He said the burden "will fall heaviest on those on low incomes".
The poorest will suffer most from government measures to recoup money spent during the coronavirus crisis, a senior Tory MP has said.
When Iain Duncan Smith was asked on the Today Show if the government had found the ‘magic money tree’ his party has spent years saying doesn’t exist, the former Tory leader replied:
“Well it hasn’t really because we’re going to have to pick this cost up. The scale of borrowing, the government is set to borrow £299bn, which is unprecedented in peace time.”
“Of course, that means that that money will have to come back from somewhere and it is the British people who will have to be paying that. And that burden will fall heaviest on those on low incomes.”
Duncan Smith was the Secretary of State for Work and Pensions between 2010 and 2016. He oversaw changes to the social security system which were widely criticised for hitting the poorest hardest as well as disabled people and women.

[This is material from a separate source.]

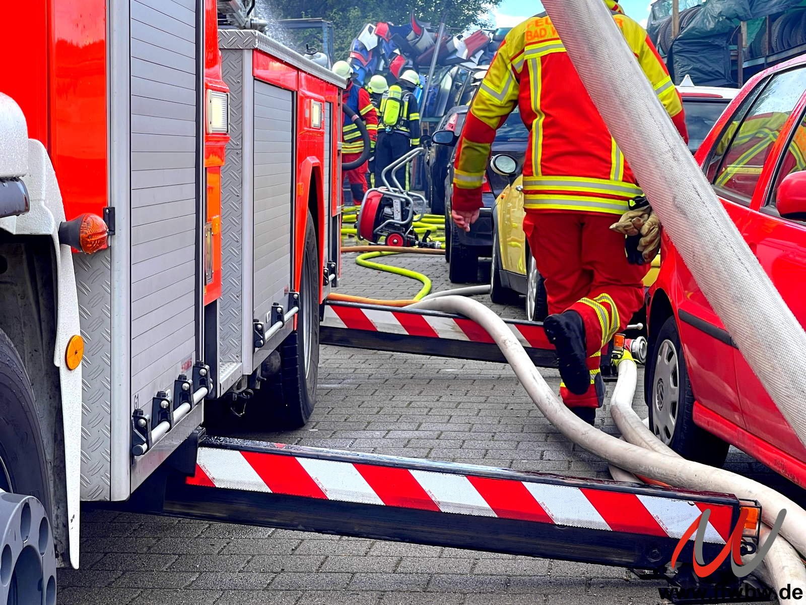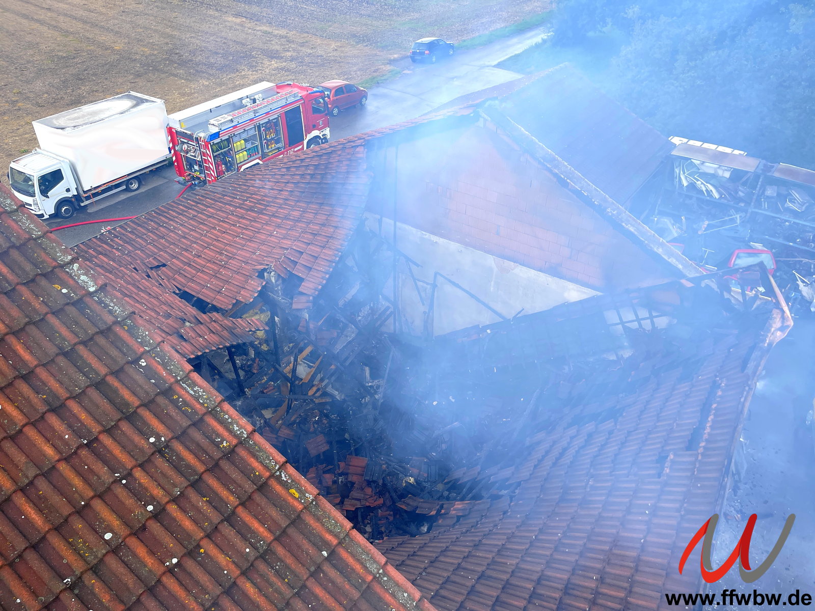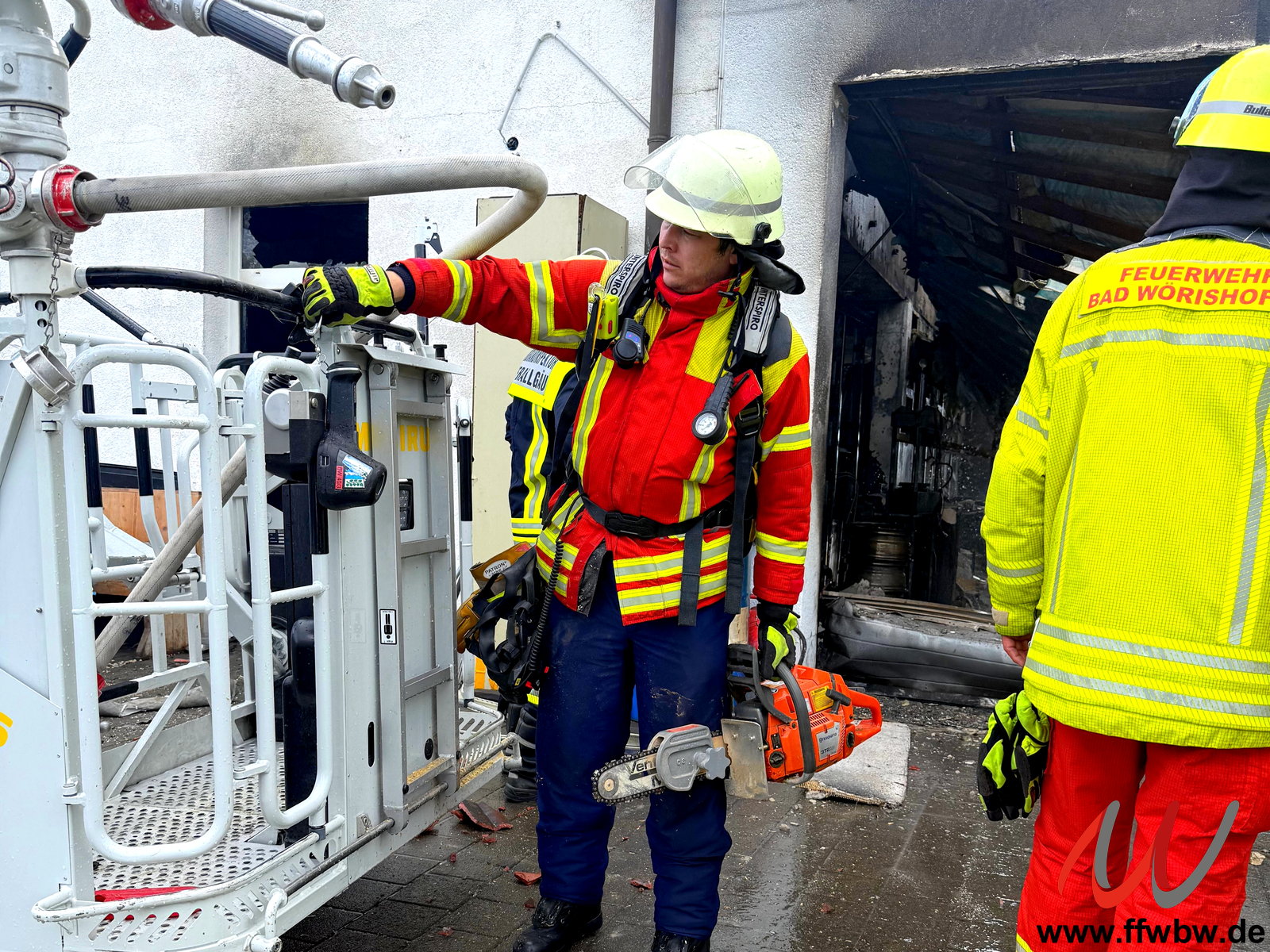 Die Löscharbeiten wurden auch mit einem Rohr über den Rettungskorb der Drehleiter unterstützt. Personen kamen bei dem Feuer glücklicherweise nicht zu Schaden.

In 2016, he resigned from government. He said this was a protest against government cuts to disability benefits. An alternative theory is that his relationship with Prime Minister David Cameron had become strained because of differences of opinion about the EU.
The government has yet to clarify how it will recoup the costs of dealing with the coronavirus crisis. But a right-wing think tank close to the government has called for “spending restraint” to take place “rapidly”.